**Brief:**
Search the material below for the word "teorías" and copy every line in which it occurs.

**Dataset content:**

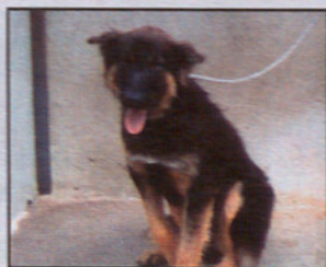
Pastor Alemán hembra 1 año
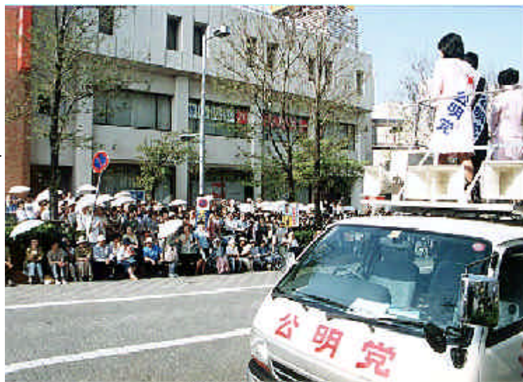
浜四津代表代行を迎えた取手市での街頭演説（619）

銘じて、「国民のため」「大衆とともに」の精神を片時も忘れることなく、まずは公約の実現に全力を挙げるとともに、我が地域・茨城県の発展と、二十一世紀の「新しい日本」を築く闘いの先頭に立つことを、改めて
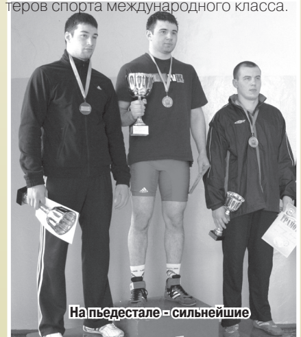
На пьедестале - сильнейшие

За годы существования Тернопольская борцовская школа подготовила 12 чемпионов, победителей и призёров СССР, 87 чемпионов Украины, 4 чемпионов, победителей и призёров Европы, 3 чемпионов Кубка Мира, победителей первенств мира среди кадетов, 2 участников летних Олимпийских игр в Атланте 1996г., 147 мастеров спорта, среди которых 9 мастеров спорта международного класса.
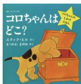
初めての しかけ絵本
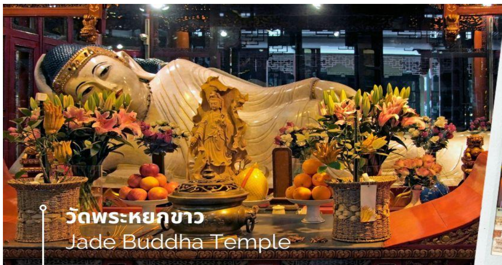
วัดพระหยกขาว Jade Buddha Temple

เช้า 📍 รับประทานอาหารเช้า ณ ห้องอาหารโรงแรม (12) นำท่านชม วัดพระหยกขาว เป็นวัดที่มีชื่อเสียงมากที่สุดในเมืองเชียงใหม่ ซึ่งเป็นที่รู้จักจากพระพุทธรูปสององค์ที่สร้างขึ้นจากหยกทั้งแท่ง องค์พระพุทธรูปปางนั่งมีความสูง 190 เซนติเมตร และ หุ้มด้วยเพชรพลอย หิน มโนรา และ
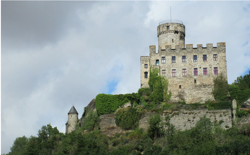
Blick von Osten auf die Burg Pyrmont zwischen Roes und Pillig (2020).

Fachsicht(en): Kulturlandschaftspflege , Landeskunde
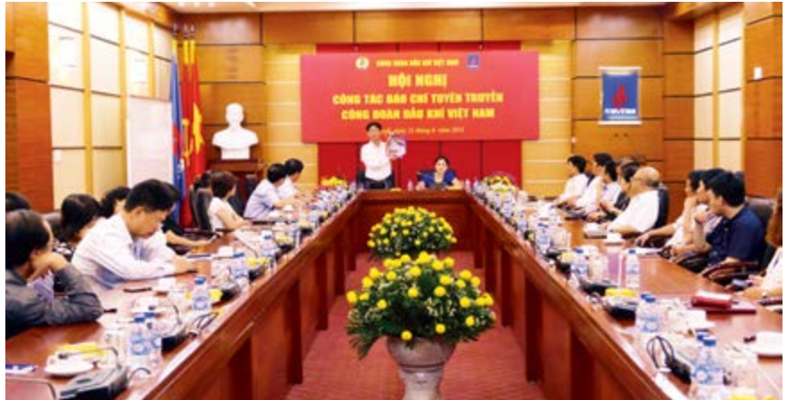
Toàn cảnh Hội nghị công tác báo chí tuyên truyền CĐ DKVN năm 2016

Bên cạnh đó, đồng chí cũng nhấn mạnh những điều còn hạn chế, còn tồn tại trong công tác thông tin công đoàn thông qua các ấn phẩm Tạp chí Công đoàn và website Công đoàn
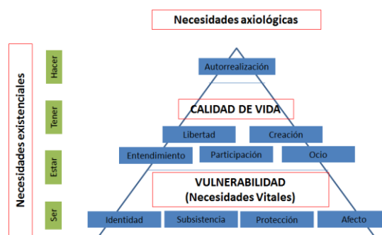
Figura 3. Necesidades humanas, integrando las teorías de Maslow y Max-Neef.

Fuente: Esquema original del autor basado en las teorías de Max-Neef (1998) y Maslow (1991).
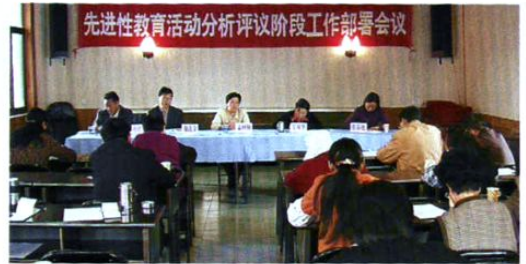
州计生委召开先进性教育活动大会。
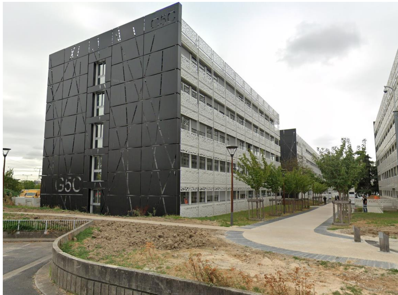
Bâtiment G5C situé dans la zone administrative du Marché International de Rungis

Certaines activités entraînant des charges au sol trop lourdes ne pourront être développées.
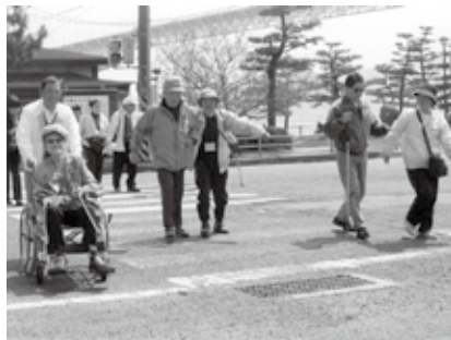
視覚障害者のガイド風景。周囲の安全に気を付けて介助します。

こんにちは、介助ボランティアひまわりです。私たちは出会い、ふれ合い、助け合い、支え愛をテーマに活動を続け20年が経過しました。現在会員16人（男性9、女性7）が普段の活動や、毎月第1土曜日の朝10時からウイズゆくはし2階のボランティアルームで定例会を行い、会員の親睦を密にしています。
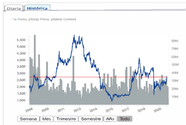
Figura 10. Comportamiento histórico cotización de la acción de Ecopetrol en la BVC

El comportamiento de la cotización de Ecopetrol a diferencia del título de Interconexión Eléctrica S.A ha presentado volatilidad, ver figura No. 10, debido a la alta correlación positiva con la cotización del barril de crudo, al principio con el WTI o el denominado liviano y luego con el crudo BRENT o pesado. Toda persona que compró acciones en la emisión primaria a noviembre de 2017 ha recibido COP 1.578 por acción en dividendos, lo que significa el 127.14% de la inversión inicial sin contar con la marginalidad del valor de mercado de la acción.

**Solution to the exercise:**
Figura 3. Necesidades humanas, integrando las teorías de Maslow y Max-Neef.
Fuente: Esquema original del autor basado en las teorías de Max-Neef (1998) y Maslow (1991).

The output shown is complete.